Tumor-derived extracellular mutations of PTPRT /PTPrho are defective in cell adhesion

Abstract

Receptor protein tyrosine phosphatase T (PTPRT/PTPrho) is frequently mutated in human cancers including colon, lung, gastric, and skin cancers. More than half of the identified tumor-derived mutations are located in the extracellular part of PTPrho. However, the functional significance of those extracellular domain mutations remains to be defined. Here we report that the extracellular domain of PTPrho mediates homophilic cell-cell aggregation. This homophilic interaction is very specific because PTPrho does not interact with its closest homologue, PTPmu, in a cell aggregation assay. We further showed that all five tumor-derived mutations located in the NH(2)-terminal MAM and immunoglobulin domains impair, to varying extents, their ability to form cell aggregates, indicating that those mutations are loss-of-function mutations. Our results suggest that PTPrho may play an important role in cell-cell adhesion and that mutational inactivation of this phosphatase could promote tumor migration and metastasis.

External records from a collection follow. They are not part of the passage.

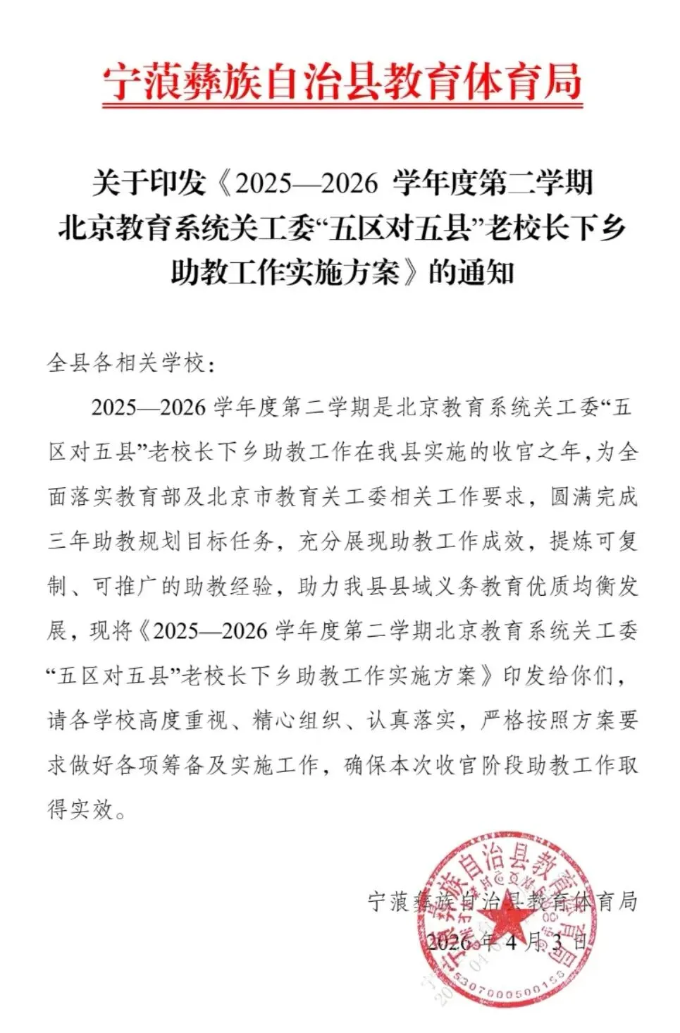 4月13日至17日,北京教育系统关工委“五区对五县”老校长下乡助教活动迎来收官之行。五位老校长再次深入宁蒗,为历时三年的帮扶项目画上圆满句号。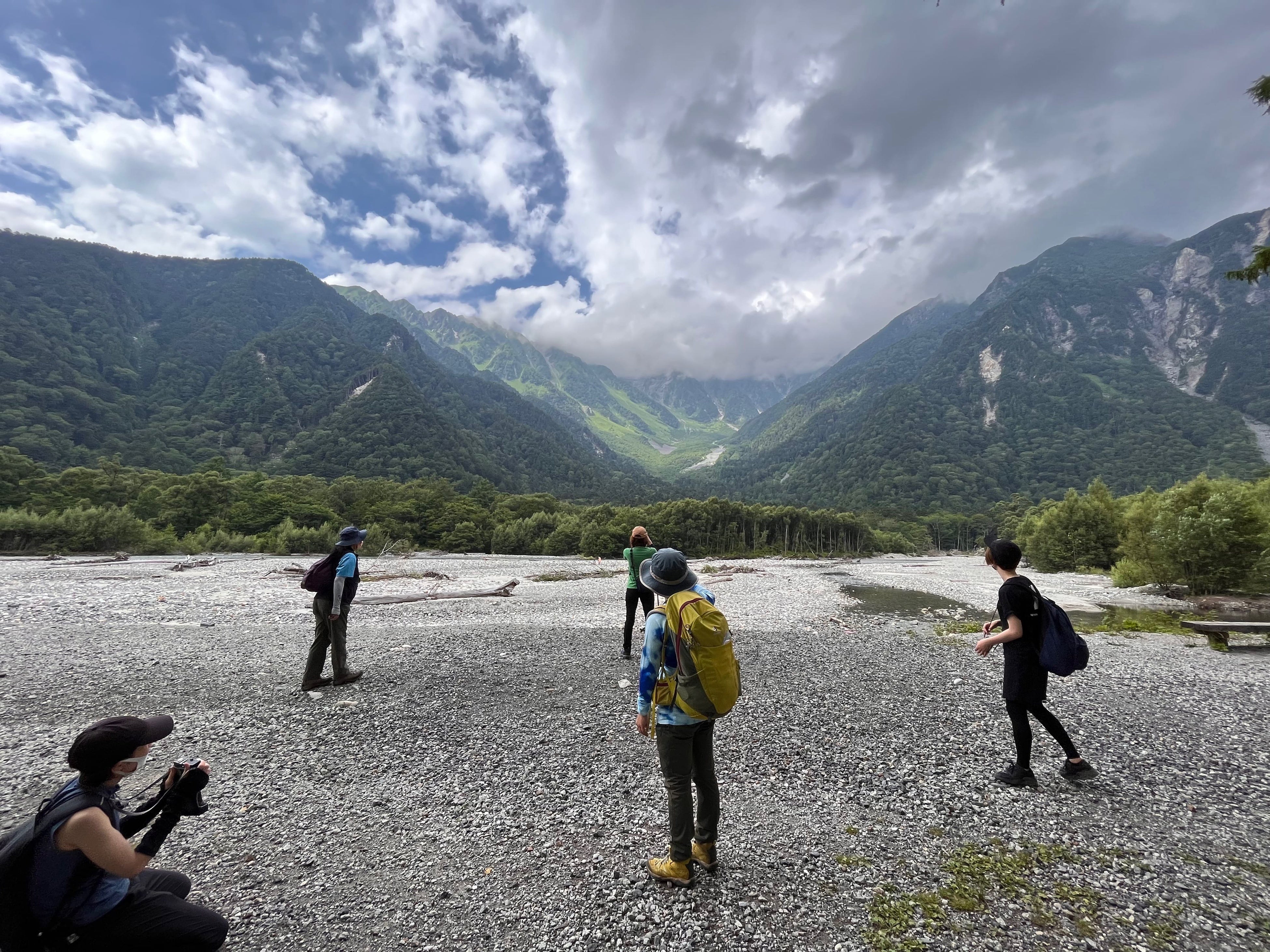 松本高山Big Bridge構想実現プロジェクトは、中部山岳国立公園南部地域を間に挟み、松本市街地と高山市街地を繋ぐ横断ルートを”Big Bridge(ビッグブリッジ)”と位置付け、多彩で上質な体験と滞在ができる魅力的な観光ルートに磨き上げていくプロジェクト。令和4年度は、地域DMOである一般社団法人松本市アルプス山岳郷が、松本~高山間の観光団体、松本市、高山市、環境省などと連携し、「1週間の滞在」「松本~高山の横断」「山岳・高原・街を満遍なく巡る」「環境配慮が感じられる」というBig Bridgeを象徴する4つの要素を具現化するために、具体的なルート開発に取り組んでいます。7月26日~27日の1泊2日で実施したモニターツアーでは、ルートの検証および相互交流を目的に本プロジェクトに関係する地域・団体の有志の方々に参加してもらいました。相互交流として、松本側からの参加者は高山奥飛騨コースの一部を、高山側の参加者は上高地乗鞍コースの一部をそれぞれ体験していただき、参加後のワークショップにてルートのブラッシュアップとフィードバックを行いました。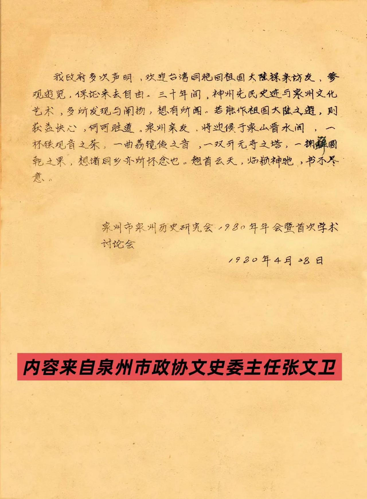 泉州市泉州历史研究会《致台湾诸泉州同乡书》 (陈泗东篆) 台湾诸泉州同乡钧鉴: 泉州市泉州历史研究会于1980年4月25日至28日举行1980年年会暨首次学术讨论会,旨在加强团结,切磋学术,商讨泉州地方史之搜集、整理与研究工作,以发扬我中华民族之文化,阐述我泉州桑梓之故实。闽南学人,温陵耆宿,欢聚一堂,诚泉南史学界之盛会也。大坠门与鹿耳门相望,清源山共阿里山一色,只以人事睽违,未能亲聆居台诸同乡之教益,殊以为憾! 溯自晋人南渡,聚居晋江两岸,泉州代有闻人。刺桐之港,石笋之城,早已驰誉世界。其间山川名胜、文物古迹、文化艺术、风土民情,足资记述者甚多。泉人素称进取,飘洋过海,奋发于惊涛骇浪之中,泉州与台湾一水之隔耳,泉之先民,对台湾之开发,尤有力焉。史家之责,在明治乱之迹,通古今之变。我中华民族历史悠久,文物灿然,夙具极大生命力与凝聚力,虽多经内忧外患,此种力量迄未稍衰。每当国家统一,民族团结之时,国力即臻强盛,对世界文明贡献亦大,凡此皆国人所熟知,而我泉人,感觉尤切。昔乡先贤郑延平率乡人驱逐荷人,复我故土,辟台湾之荆榛。郑克塽率众来归,使亲人得团聚,促历史之发展,固时世之必然,亦史乘所嘉许。诸君或奕世居台,或一身寄寓,爱国之念甚强,爱乡之思倍切。我会研究泉州历史,首当研究中华民族之发展历史,以促进祖国统一早日实现,俾游子还乡,睹松菊之更茂,悦亲戚之情长,而研究泉州历史,亟需诸同乡共同协助,群策群力,俾数典忆祖,为桑梓效力。 我政府多次声明,欢迎台湾同胞回祖国大陆探亲访友,参观游览,保证来去自由。三十年间,神州先民史迹与泉州文化艺术,多所发现与阐扬,想有所闻。若能作祖国大陆之游,则获益快心,何可胜道。泉州亲友,将迎候于泉山晋水间,一杯铁观音之茶,一曲荔镜传之音,一双开元寺之塔,一掬鲜桂圆之果,想诸同乡亦所怀念也。翘首云天,临颖神驰,书不尽意。 泉州市泉州历史研究会1980年年会暨首次学术讨论会 1980年4月28日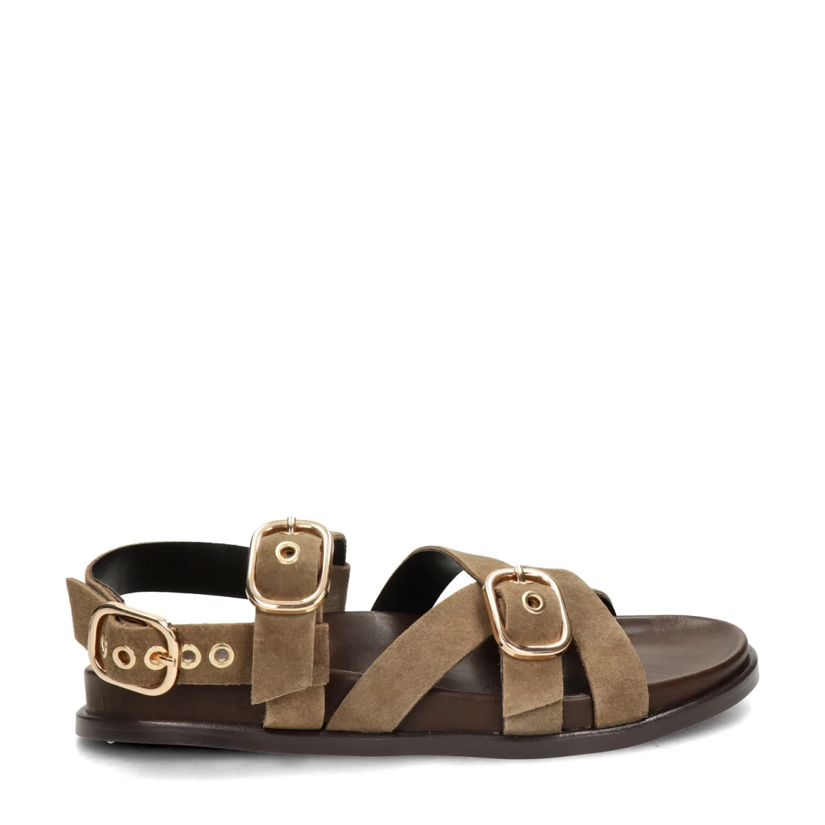 Nelson dames sandaal Deze stoere sandaal uit onze Nelson-collectie geeft eens ruw randje aan je look. Uitgevoerd in ruw suède wat de sandaal een rustieke look geeft. De opvallende gespen geven niet alleen een robuuste uitstraling, maar zorgen er ook voor dat je de sandaal op drie punten kunt verstellen. Gevoerd met imitatieleer. Voorzien van een voorgevormd voetbed die steun aan de voetboog biedt tijdens het lopen. De leren toplaag houdt de voeten koel, zelfs op de warmere dagen. Afgewerkt met een rubberen loopzool.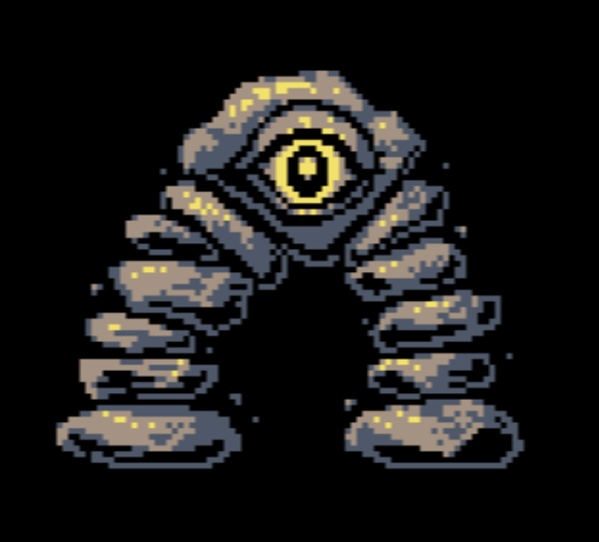 Monster of the week: Rockfiend It's a pile of rocks animated by a powerful wizard. It may lurk in ruins or rove the wilds long after its caster is gone. Beware its Rock Volley spell, which batters the heroes with up to four flying rocks! #MonsterMonday#RPG#PixelArt#ドット絵

Figure 1. Expression of PTPρ constructs in Sf9 cells

(A) Schematic diagram of PTPρ constructs. MAM domain (gray oval); Ig domain (pink circle); Juxtamembrane domain (yellow oval); Wedge domain (red circle); Phosphatase domain (green rectangles). (B) Western blot of lysates from Sf9 cells expressing the indicated PTPρ constructs. (C) Immunofluorescent staining of Sf9 cells expressing the indicated PTPρ proteins.

Figure 2. PTPρ mediates cell-cell aggregation

Sf9 cells were infected with indicated baculoviral constructs for 48 hrs. Cell aggregation assay was performed under low shear conditions and representative phase pictures were captured with a microscope.

Figure 3. PTPρ mediates homophilic cell-cell aggregation

(A) Sf9 cells were infected with GFP while another flask of Sf9 cells was co-infected with PTPρ and RFP viruses. Sf9 cells from the two flasks were mixed at a 1:1 ratio and a cell aggregation assay was performed. (B) One flask of Sf9 cells was co-infected with PTPμ and GFP viruses, while another flask of Sf9 cells was co-infected with PTPρ and RFP viruses. Sf9 cells from the two flasks were mixed at 1:1 ratio and cell aggregation assay was performed. Images of cell aggregates were captured under phase, GFP and RFP fluorescent filters respectively.

Figure 4. Expression of tumor-derived PTPρ mutants in Sf9 cells

(A) Schematic diagram of PTPρ mutations located in the MAM and Ig domain. (B) Western blot of lysates from Sf9 cells expressing with indicated PTPρ mutations. (C) Immunofluorescent staining of Sf9 cells expressing the indicated PTPρ mutant proteins.

Figure 5. Tumor-derived mutations of PTPρ are defective in cell-cell aggregation

Cell aggregation assay of Sf9 cells expressing either wild-type or the indicated mutation of PTPρ was performed under low shear conditions. Representative phase pictures were captured with a microscope.

Figure 6. Quantification of the cell-cell aggregation assays

The percentage of aggregated Sf9 cells for each indicated protein was calculated from three independent experiments. Student t.tests were performed between wild-type PTPρ and each of the mutants (asterisk indicated that the P < 0.01).

Figure 7. Cell Surface Protein expression of PTPμ and the PTPρ mutant proteins

The cell surface proteins were labeled with Sulfo-NHS-SS-Biotin. The biotinylated proteins were isolated on NeutrAvidin Gel. The bound proteins were eluted, run on SDS-PAGE gels, transferred to nitrocellulose and immunoblotted with antibodies to PTPμ (SK18) or the V5 tag. The SK18 antibody recognizes the cytoplasmic domain of both PTPμ and PTPρ.